The excruciating inner monologue goes on from there, but you
can already guess how that second serve on break point is going to pan out.
What divides the great tennis player from the persistently
mediocre one? Well, many things. Among them is something mental. How much does one take their own mental
states as the objects of attention? DFW
imagines the great athlete as unbothered by an overactive inner voice. It’s not that the athlete is unintelligent –
indeed, greatness demands strategy and tactics as much as pure physical
aptitude. But the athlete must not be
constructing a story of their experience while also living it, lest the former
task disrupt the latter’s success. Truly
gifted athletes, he infers, must not be really
seeing themselves. In the wonderful
flourish at the end of Wallace’s essay, he suggests that a certain blindness is
not the price of the gift, but “its essence”.
I love this thought, perhaps in no small part because it
allows me to reconceive of my own painfully anti-clutch playing disposition as
concealing something like the opposite sort of giftedness. Of course I will botch big points; with an
inner life as rich as my own, how could I help it?! My own corollary to DFW’s point: Maybe
discerning self-awareness is not the price of being bad at sports, but its very
essence!
Much as I find my corollary appealing, observations like
those from the Australian Open give me pause.
If great athletes were wired differently from you and me, we might well
expect those psychological differences to be robust against changes in how
matches are called. But if replacing
linespeople with Hawk-Eye changes the amount of reactive sentiments experienced
by players, then my corollary looks less promising. As
with other virtues, we might do better to look for situational features
that support a given psychological disposition, rather than thinking of it as a
deep-seated feature of the player’s character.

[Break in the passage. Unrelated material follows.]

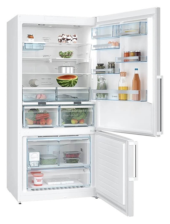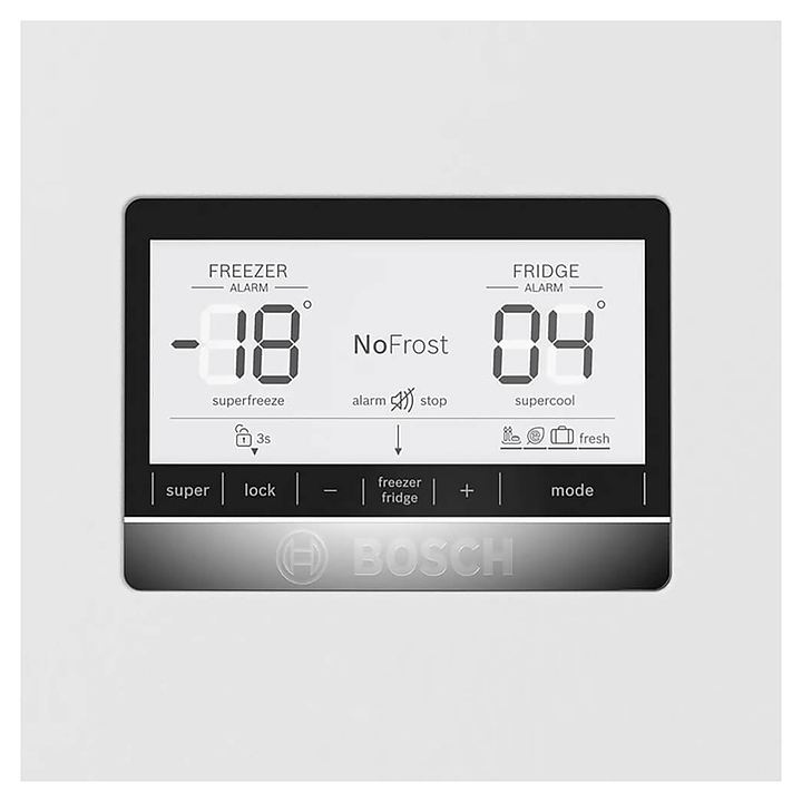 Холодильник Bosch KGN86AW32U предназначен для охлаждения, замораживания, кратковременного и длительного хранения продуктов питания в частных домах, квартирах, отелях и офисах. Модель оснащена электронным управлением с сенсорными элементами, дисплеем, внутренним светодиодным освещением холодильной камеры и вертикальной накладной ручкой. Система охлаждения No Frost предотвращает образование льда и инея внутри холодильной и морозильной камер, что упрощает обслуживание, экономит энергию и поддерживает оптимальные условия для хранения продуктов. Функция MultiAirflow обеспечивает равномерное распределение холодного воздуха по всему объему. Полки выполнены из высокопрочного стекла. Особенности:

In other words, my guess is that Simona Halep and I are pretty similar
in the depth of our inner lives, but pretty different in that Halep is a
world-class athlete and I’m…terrible.
So here are the two lessons.
(1) Interference uniquely provokes reactive attitudes and (2) situations,
more than character, have a lot to say about how those attitudes will affect
us. What to make of this? Now the political part. I think philosophers dramatically
underestimate how bad interference is, for reasons relating to (1). Here’s a common way of arguing: “In the world,
X value is compromised. But X is really
important! So it’s ok to interfere with
people for the sake of X. Yes it will be
interfering, but X is more important than the cost of interference.” My problem with this general strategy is that
it’s not attending to the endogenous response to the proposed
interference. And this is where (2)
comes in. Interference is bad, and
institutionalizing it compounds the problems.
Translation: when interference is institutionalized within the political
state, many philosophers think it’s not as bad; I think it’s worse.
I grant this is something less than an argument. On the other hand, I’m way closer to getting
an argument than to getting enough top spin on my second serve.